Dans le mémoire qu'elle a présenté au Comité, l'AFPC a aussi souligné le fait que le projet de loi C-36 s'éloigne trop de l'objectif qui consiste à identifier, arrêter et poursuivre en justice les personnes responsables d'activités qualifiées de « terroristes », en tentant d'obtenir que soient remaniées la Loi sur l'accès à l'information, la Loi sur la protection des renseignements personnels et les documents électroniques et la Loi sur la protection des renseignements personnels, si bien que le procureur général pourrait suspendre ces lois selon son bon vouloir.
« Selon nous, il est inutile de modifier ces trois textes législatifs, puisqu'ils autorisent déjà le gouvernement à interdire la divulgation de renseignements pouvant compromettre la sécurité.

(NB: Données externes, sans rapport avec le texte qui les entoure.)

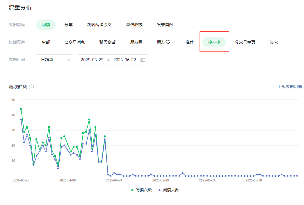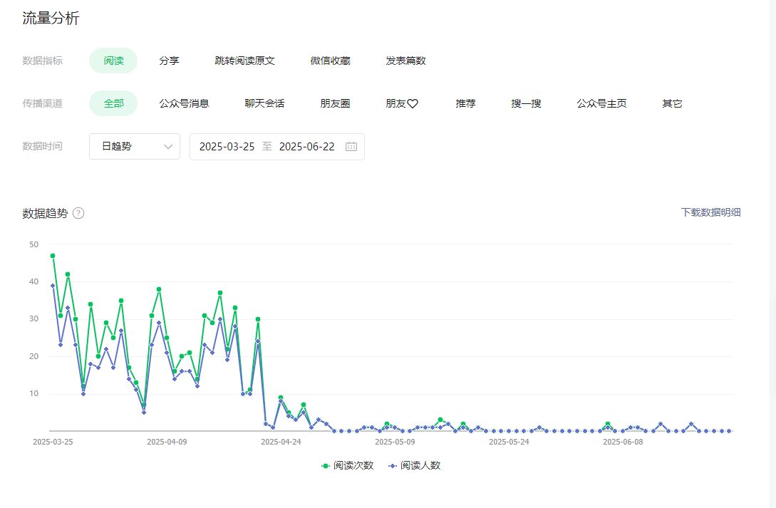 1、4月底阅读量持续下降,后面基本为0。发布的文章内容只有标题能搜到,关键词搜索不到;

Nous estimons également que la création d'exemptions générales, comme il est proposé dans le projet de loi C-36, et les dispositions prévoyant leur application par décret, sans aucun examen ou appel indépendant, menacent notre démocratie. »
Nycole Turmel a fait remarquer que, parmi les aspects les plus intéressants de la réaction du gouvernement face aux événements du 11 septembre 2001, il y avait lieu de mentionner la déclaration ferme concernant l'intolérance raciale. « Le projet de loi C-36 cherche certes à étouffer la propagande haineuse sur Internet et à faire qualifier de délit les dommages causés aux biens religieux, mais d'autres dispositions, notamment celles qui portent sur les enquêtes et sur les arrestations préventives, raniment le spectre du profil racial. »
En conclusion, Turmel a déclaré : « Quel que soit le resserrement des libertés et des droits des Canadiennes et des Canadiens qu'entraînera le nouvel ordre mondial, qu'il s'agisse du projet de loi C-36 ou d'un autre texte législatif, les restrictions doivent être évaluées, avoir une application limitée et faire l'objet d'examen par une tierce partie compétente ».